Re: Redundancy check using "echo check > sync_action": error reporting?

Bill Davidsen <davidsen@xxxxxxx> · Fri, 21 Mar 2008 10:24:04 -0400

Peter Rabbitson wrote:
Theodore Tso wrote:
On Thu, Mar 20, 2008 at 03:19:08PM +0100, Bas van Schaik wrote:
There's no explicit message produced by the md module, no.  You 
need to
check the /sys/block/md{X}/md/mismatch_cnt entry to find out how many
mismatches there are.  Similarly, following a repair this will 
indicate
how many mismatches it thinks have been fixed (by updating the parity
block to match the data blocks).

Marvellous! I naively assumed that the module would warn me, but that's
not true. Wouldn't it be appropriate to print a message to dmesg if 
such
a mismatch occurs during a check? Such a mismatch clearly means that
there is something wrong with your hardware lying beneath md, 
doesn't it?

If a mismatch is detected in a RAID-6 configuration, it should be
possible to figure out what should be fixed (since with two hot spares
there should be enough redundancy not only to detect an error, but to
correct it.)  Out of curiosity, does md do this automatically, either
when reading from a stripe, or during a resync operation?

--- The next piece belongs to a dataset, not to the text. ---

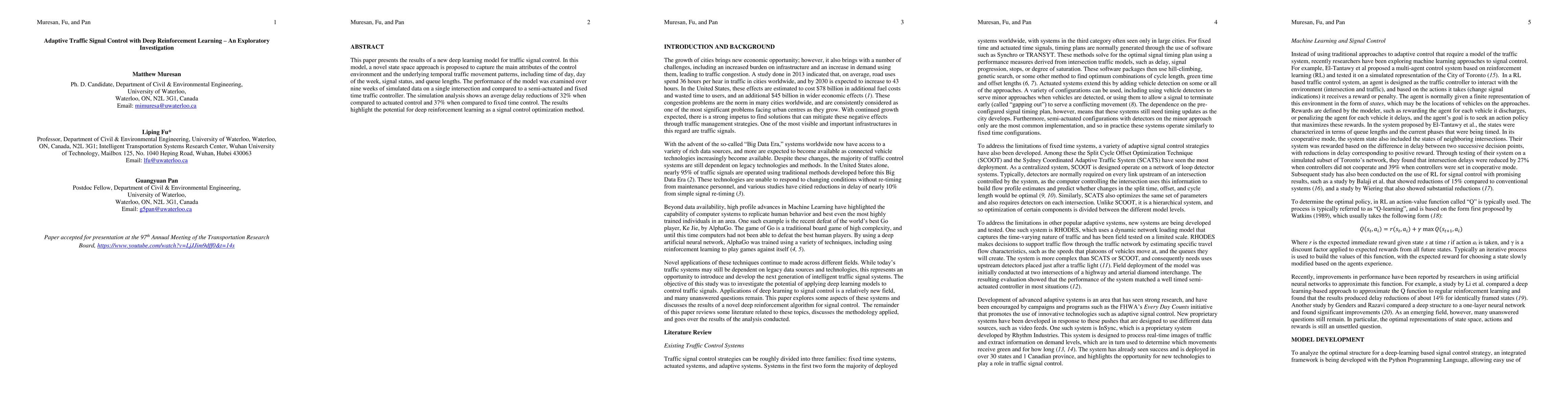 This paper explores a deep reinforcement learning model for adaptive traffic signal control, demonstrating a 32% average delay reduction compared to semi-actuated control and 37% compared to fixed time control over nine weeks of simulated data. The model captures temporal traffic patterns and shows promise for optimizing signal control.

In my modest experience with root/high performance spool on various 
raid levels I can pretty much conclude that the current check 
mechanism doesn't do enough to give power to the user. We can debate 
all we want about what the MD driver should do when it finds a 
mismatch, yet there is no way for the user to figure out what the 
mismatch is and take appropriate action. This does not apply only to 
RIAD5/6 - what about RAID1/10 with >2 chunk copies? What if the only 
wrong value is taken and written all over the other good blocks?

I think that the solution is rather simple, and I would contribute a 
patch if I had any C experience. The current check mechanism remains 
the same - mismatch_cnt is incremented/reset just the same as before. 
However on every mismatching chunk the system printks the following:

1) the start offset of the chunk(md1/10) or stripe(md5/6) within the 
MD device
2) one line for every active disk containing:
    a) the offset of the chunk within the MD componnent
    b) a {md5|sha1}sum of the chunk

In a common case array this will take no more than 8 lines in dmesg. 
However it will allow:

1) For a human to determine at a glance which disk holds a mismatching 
chunk in raid 1/10
2) Determine the same for raid 6 using a userspace tool which will 
calculate the parity for every possible permutation of chunks
3) using some external tools to determine which file might have been 
affected on the layered file system

Now of course the problem remains how to repair the array using the 
information obtained above. I think the best way would be to extend 
the syntax of repair itself, so that:

echo repair > .../sync_action would use the old heuristics

echo repair <mdoffset> <component N> > .../sync_action will update the 
chunk on drive N which corresponds to the chunk/stripe at mdoffset 
within the MD device, using the information from the other drives, and 
not the other way around as might happen with just a repair.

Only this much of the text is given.